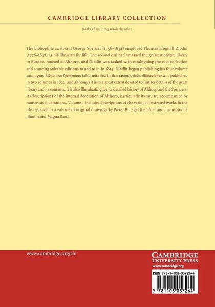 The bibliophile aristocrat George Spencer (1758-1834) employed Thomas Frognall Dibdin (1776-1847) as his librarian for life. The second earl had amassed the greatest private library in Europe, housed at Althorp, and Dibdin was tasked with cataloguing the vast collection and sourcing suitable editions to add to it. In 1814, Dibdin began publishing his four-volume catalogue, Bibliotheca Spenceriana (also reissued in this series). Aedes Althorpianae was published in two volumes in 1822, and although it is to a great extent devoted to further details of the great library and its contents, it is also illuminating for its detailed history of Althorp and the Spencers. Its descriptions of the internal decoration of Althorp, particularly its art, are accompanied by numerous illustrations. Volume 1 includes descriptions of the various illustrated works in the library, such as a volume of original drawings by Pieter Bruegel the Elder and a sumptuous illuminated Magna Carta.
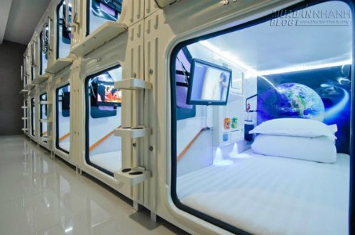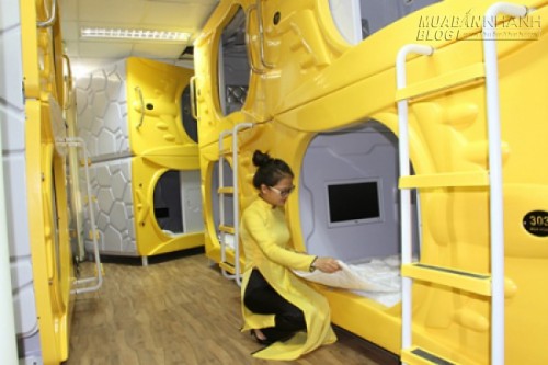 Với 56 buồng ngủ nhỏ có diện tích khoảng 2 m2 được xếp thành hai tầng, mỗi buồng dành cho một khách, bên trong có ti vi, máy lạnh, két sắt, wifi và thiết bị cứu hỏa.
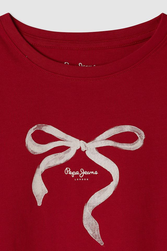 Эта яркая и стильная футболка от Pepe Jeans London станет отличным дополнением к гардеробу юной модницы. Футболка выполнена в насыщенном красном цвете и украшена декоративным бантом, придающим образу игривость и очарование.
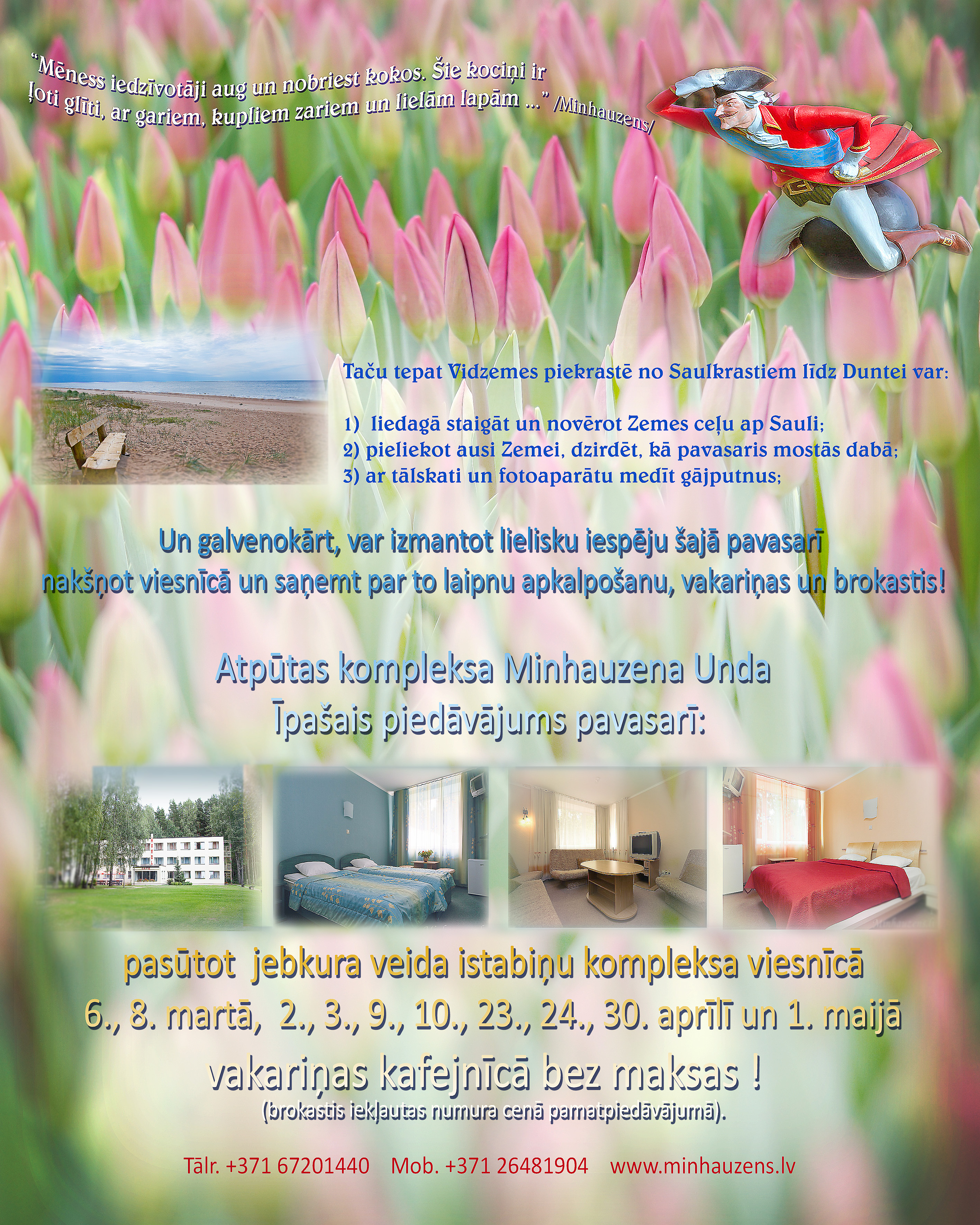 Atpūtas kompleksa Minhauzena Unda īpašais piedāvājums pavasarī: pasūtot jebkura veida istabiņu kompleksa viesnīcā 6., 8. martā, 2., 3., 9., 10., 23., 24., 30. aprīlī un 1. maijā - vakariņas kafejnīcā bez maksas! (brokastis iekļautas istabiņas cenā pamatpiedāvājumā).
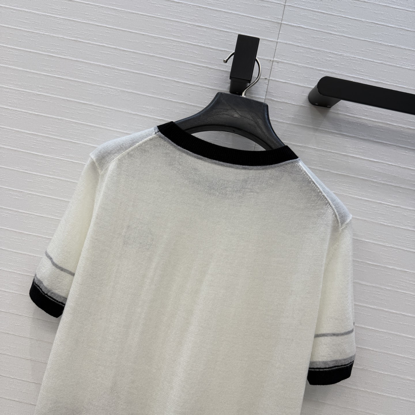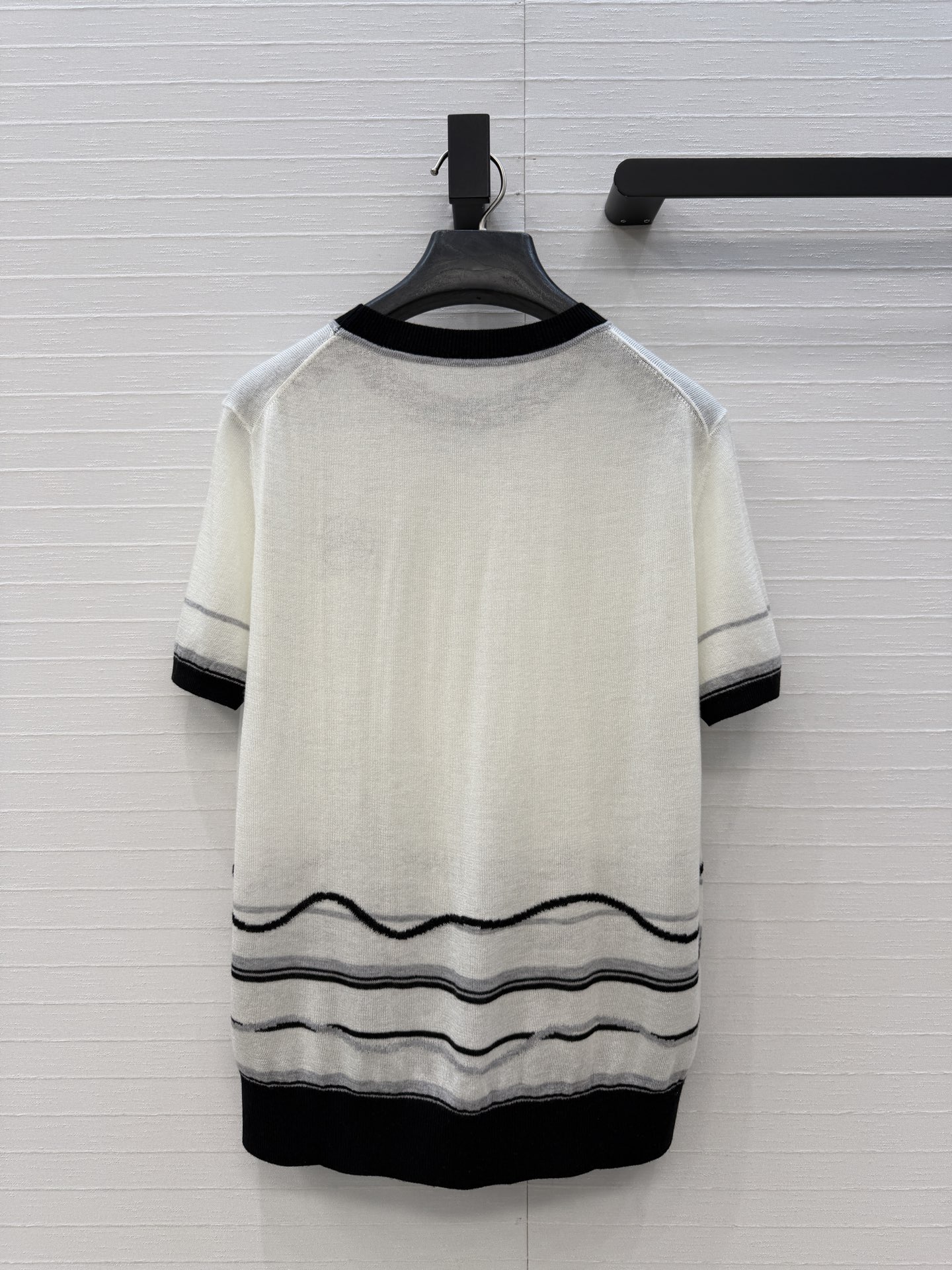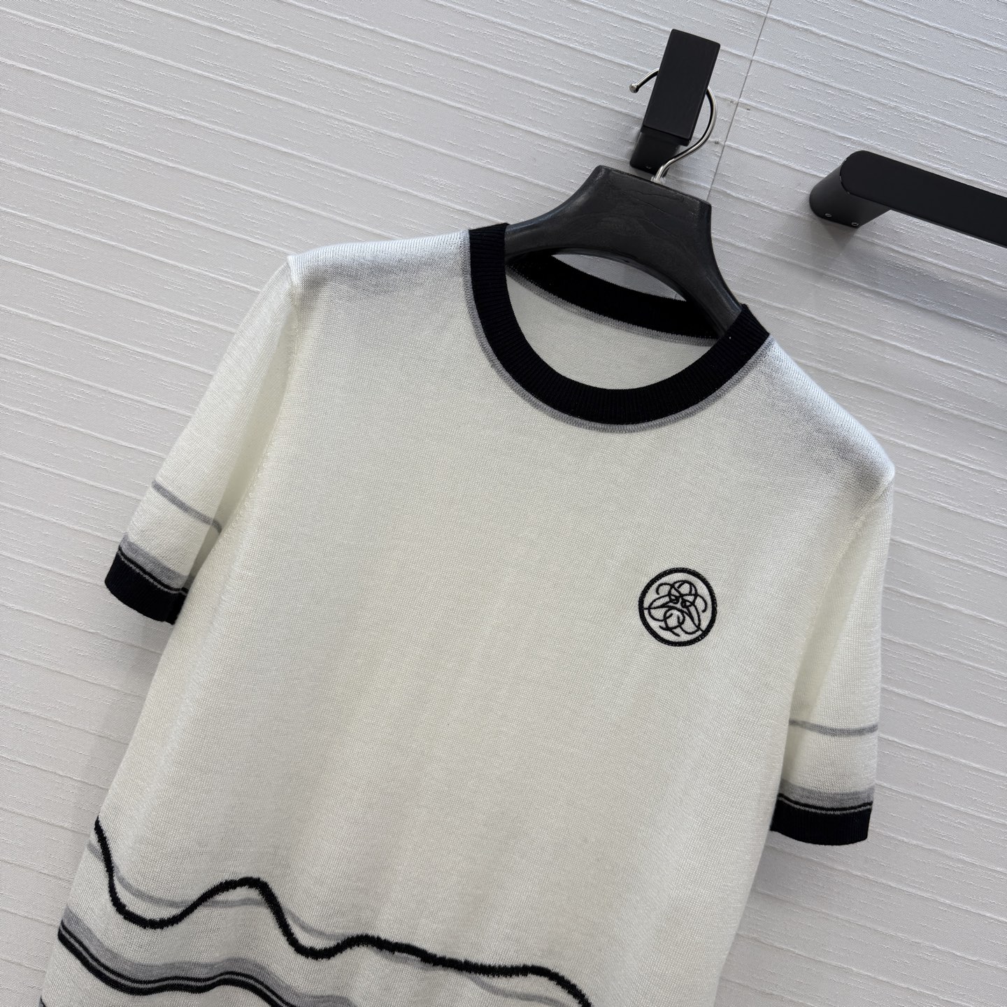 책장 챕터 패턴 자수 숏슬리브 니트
☆ ☆ ☆ ☆ ☆ ☆ ☆
__Exercise prompt__: The reply has to reproduce every line above verbatim and contain no pictures.

__Answer below__:
 The bibliophile aristocrat George Spencer (1758-1834) employed Thomas Frognall Dibdin (1776-1847) as his librarian for life. The second earl had amassed the greatest private library in Europe, housed at Althorp, and Dibdin was tasked with cataloguing the vast collection and sourcing suitable editions to add to it. In 1814, Dibdin began publishing his four-volume catalogue, Bibliotheca Spenceriana (also reissued in this series). Aedes Althorpianae was published in two volumes in 1822, and although it is to a great extent devoted to further details of the great library and its contents, it is also illuminating for its detailed history of Althorp and the Spencers. Its descriptions of the internal decoration of Althorp, particularly its art, are accompanied by numerous illustrations. Volume 1 includes descriptions of the various illustrated works in the library, such as a volume of original drawings by Pieter Bruegel the Elder and a sumptuous illuminated Magna Carta.
 Với 56 buồng ngủ nhỏ có diện tích khoảng 2 m2 được xếp thành hai tầng, mỗi buồng dành cho một khách, bên trong có ti vi, máy lạnh, két sắt, wifi và thiết bị cứu hỏa.
 Эта яркая и стильная футболка от Pepe Jeans London станет отличным дополнением к гардеробу юной модницы. Футболка выполнена в насыщенном красном цвете и украшена декоративным бантом, придающим образу игривость и очарование.
 Atpūtas kompleksa Minhauzena Unda īpašais piedāvājums pavasarī: pasūtot jebkura veida istabiņu kompleksa viesnīcā 6., 8. martā, 2., 3., 9., 10., 23., 24., 30. aprīlī un 1. maijā - vakariņas kafejnīcā bez maksas! (brokastis iekļautas istabiņas cenā pamatpiedāvājumā).
 책장 챕터 패턴 자수 숏슬리브 니트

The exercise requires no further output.